Braz decidiu ir à sede da Unas, a União de Núcleos, Associações dos Moradores de Heliópolis e Região, para propor a ideia da caminhada aos líderes da comunidade. Em conversa com João Miranda, uma histórica liderança local, ouviu algo que nunca mais se esqueceu.
"Você não precisa pedir nossa ajuda. Onde a escola está, nós também estamos. Para nós, não estamos aqui e a escola lá. Somos uma coisa só", afirmou Miranda, na conversa. Neste momento, Braz percebeu que a escola estava totalmente integrada à comunidade.
Em 2002, o diretor deu seu golpe final. Após um roubo de computadores de dentro do colégio, resolvido dentro da própria comunidade, mandou derrubar os muros da Presidente Campos Salles.
"A escola tinha um grande muro com estacas de ferro. Não se via o colégio. Em 2002, foram roubados 21 computadores. Fui fazer B.O. Uma liderança comunitária andou comigo e eu falava às pessoas que os filhos haviam sido roubados. Aí, eles devolveram os computadores. Uma moto e um carro me fecharam e o cara disse 'é sobre o barato dos computadores, queremos devolver na comunidade, pois na escola a polícia pode nos pegar'", contou Braz.

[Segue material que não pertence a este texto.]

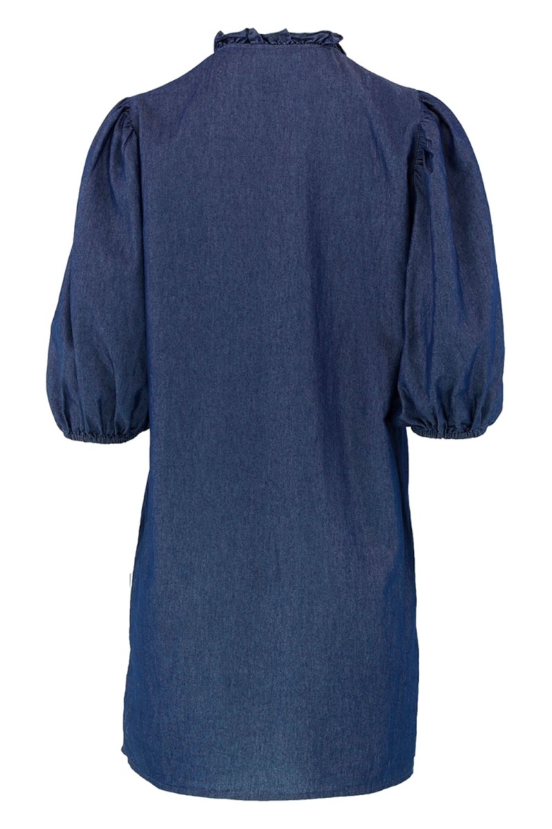 En fin denim kjole fra Continue er kommet i en smuk blå farve med perle detaljer ved brystet. Kjolen er en model vi kender nemlig Milli modellen. Der lukkes foran med trykknapper og har 2/4 lange puf ærmer. Den er let i kvaliteten og behagelig at ahve hele dagen.

Sua resposta foi derrubar o muro e mostrar que ali era um local seguro e integrado a Heliópolis.
Escola sem muro
Apesar de todas as mudanças, a Presidente Campos Salles continuava com sérios problemas pedagógicos. Em 2004, três professoras procuraram Braz propondo uma mudança. Como inspiração, elas citavam a Escola da Ponte, uma instituição pública portuguesa baseada na tríade solidariedade, autonomia e responsabilidade. É uma escola sem salas de aula, sem turmas, em que nenhum estudante é de um professor só, nem um professor é só de alguns estudantes.
Braz julgou que qualquer mudança nesse caminho, na Presidente Campos Salles, seria impossível. No entanto, naquele mesmo ano, o professor começou a cursar uma especialização em Educação Comunitária. No fim de 2005, ele se graduou e teve a Escola da Ponte como objeto de sua monografia.
"Então, apresentei minha proposta a todos em Heliópolis, às lideranças e pela cidade. Em setembro de 2005, foi aprovada a metodologia de ensino com base nos princípios da Escola da Ponte. Sempre friso que, não temos a Escola da Ponte, mas fomos inspirados por ela", explicou.
Em 2008, Braz derrubou algumas paredes da escola e transformou 12 salas de aula em quatro grandes salões. No seu projeto, os professores não iam mais atuar no isolamento. Agora, teriam de preparar roteiros de estudos e atuar como monitores dos alunos nos salões.
"Na Presidente Campos Salles, o papel do professor é de orientador. É proibido explicar. É só orientação. O professor é quem oferece recursos para que o aluno construa seus próprios caminhos. Nossa preocupação é que o aluno aprenda com tudo, com todos e em todos os lugares e para sempre. Algo para além das paredes", contou.
Em um período de 30 anos, um ex-futuro-padre-piloto-de-caça, tornou-se professor para não passar fome e, a partir daí, transformou o papel dos seus colegas dentro de um colégio público da periferia. Atualmente, Braz não é mais diretor. Ele agora é diretor regional da Diretoria Regional de Ensino do Ipiranga, em São Paulo. E tenta mudar o panorama de outras escolas na cidade de São Paulo.